The story goes back to many, many moons ago (before I knew John and his family, so this is hear-say, but I have it all on good authority) when one of John’s younger brothers requested that he no longer be called by his given name. He wanted to be called Shark. I’m not sure it lasted more than a few days, or even more than a few hours, but when I heard this story, it struck me as pure genius. As far as I know, no one else in the family has more successfully claimed this as a (nick)name, nor has anyone even tried. That in mind, and with the absolute certainty that nothing related to marine life would end up on a birth certificate, I was sure I would call the little one Shark for as long as I could.
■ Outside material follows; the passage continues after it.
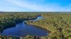 The front entry opens to a wall of glass framing the view, an expansive open plan with a grand dining room, showpiece kitchen with new countertops, lighting and an envy-worthy pantry, and a stone-clad living room anchored by a fireplace and the bluff beyond. Hardwood floors run throughout. The primary suite offers a second fireplace and a spa-style bath with separate tub and shower. The guest suite enjoys its own full bath, a dedicated office and library with wet bar, and access to a screened porch. Every side of the home is ringed with porches to drink in the light, wind and woods.
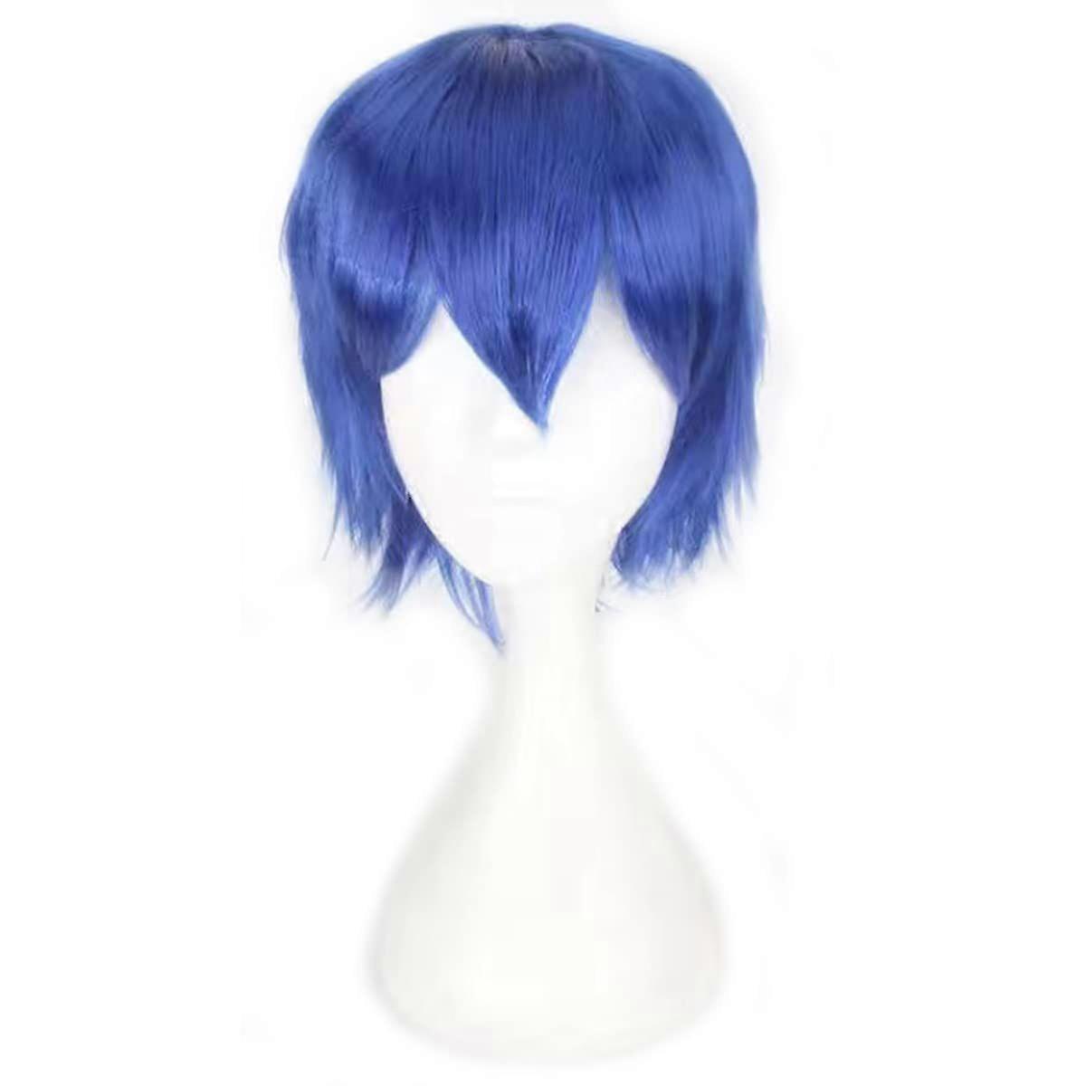 Unisex Anime Short Dark Blue Cosplay Wig With Bangs Heat Resistant Hair for Women Mens Boy

Now I’ve known I was pregnant since about four weeks in—for those not familiar with pregnancy arithmetic, that means the baby was only two weeks in utero, (and yes, I am kind of proud that I knew so soon). I’ve surprised myself with my struggle to call this little one Shark. It was somewhat easier for the first few weeks; I still had to think about it a bit, but it came semi-naturally. Then we saw the first ultrasound, and everything changed.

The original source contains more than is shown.